Here’s a tip: If something sounds too good to be true or too bad to be true, it’s probably not. When you read something you want to be true so much your entire being starts to vibrate, it’s probably not. You can file most of the U.S. media’s many “The Trump presidency is going to end,” stories over the last 3 ½ years in that wish fulfillment category. Any story that began “Russian Collusion,” “Robert Mueller,” “the Ukraine phone call,” “will bring Trump down” fits that.
Three terms I have come to hate with the white hot passion of a thousand suns are: “social distancing,” “essential business” and “the new normal.”
As part of your new normal, prepare to become an unintentional vegetarian. I’m a mainly-on-purpose vegetarian, but our self-induced Depression has pushed the meat industry into a tail-spin. I actually like meat, but my stomach doesn’t. Unfortunately, many of you will probably be joining me—but not by choice.

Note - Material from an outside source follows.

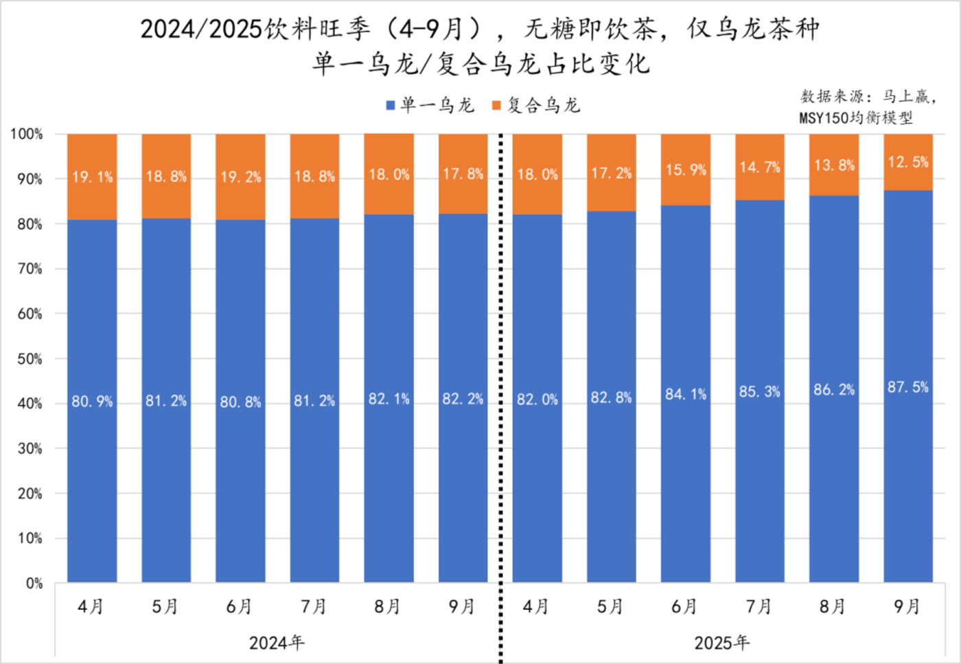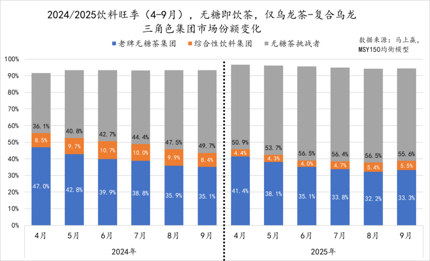 值得注意的是无糖茶挑战者在这一类型产品中的市场份额变化。在 2024 年旺季,无糖茶挑战者在复合乌龙中的市场份额接近 50%,2025 年则超过 50%、接近 60%,且在两个旺季周期内,都呈现出市场份额增长的态势。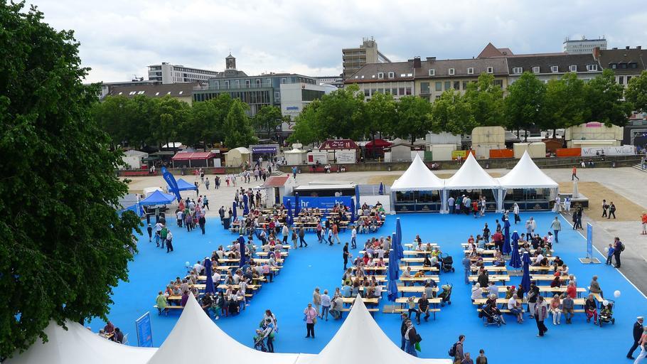 Keywords: folk festival kassel hesse germany hessian friedrichsplatz aerial view ferris wheel museum friedericianum marquee from above

What a trifecta of pleasure for our liberal friends! Meat farmers forced to euthanize and abort thousands of piglets and chickens because there’s no market for them as many restaurants aren’t functioning. And because meat processing involves workers in close proximity. For the extreme Bernie and AOC progressive wing this is cool because it harms a “big” business, decreases the carbon footprint (so would a mass depopulation event) and it involves aborting things. Woo-hoo!
As for “essential business,” I want to find the bureaucrat who invented that term, and to whom it obviously does not apply, and ask him to publicly defend what about his job makes it “essential.”
Finally, some positives to our society-wide impositions” This could drive a stake through the heart of efforts to switch highway money to more mass transit. Obviously mass transit isn’t a safe mode of travel if you want to “social distance.” We shouldn’t get rid of it, but we definitely shouldn’t force more people into crowded buses and trains.
Parents can spend more time with their children. Perhaps deprogram them from the extreme environmentalism, the “diversity is more important than anything” and “America is an evil place with a depraved history” propaganda constantly poured in their ears by schools. With luck, some parents will take advantage of this time to educate the kids about the proud history of a nation we are all sacrificing so much to preserve.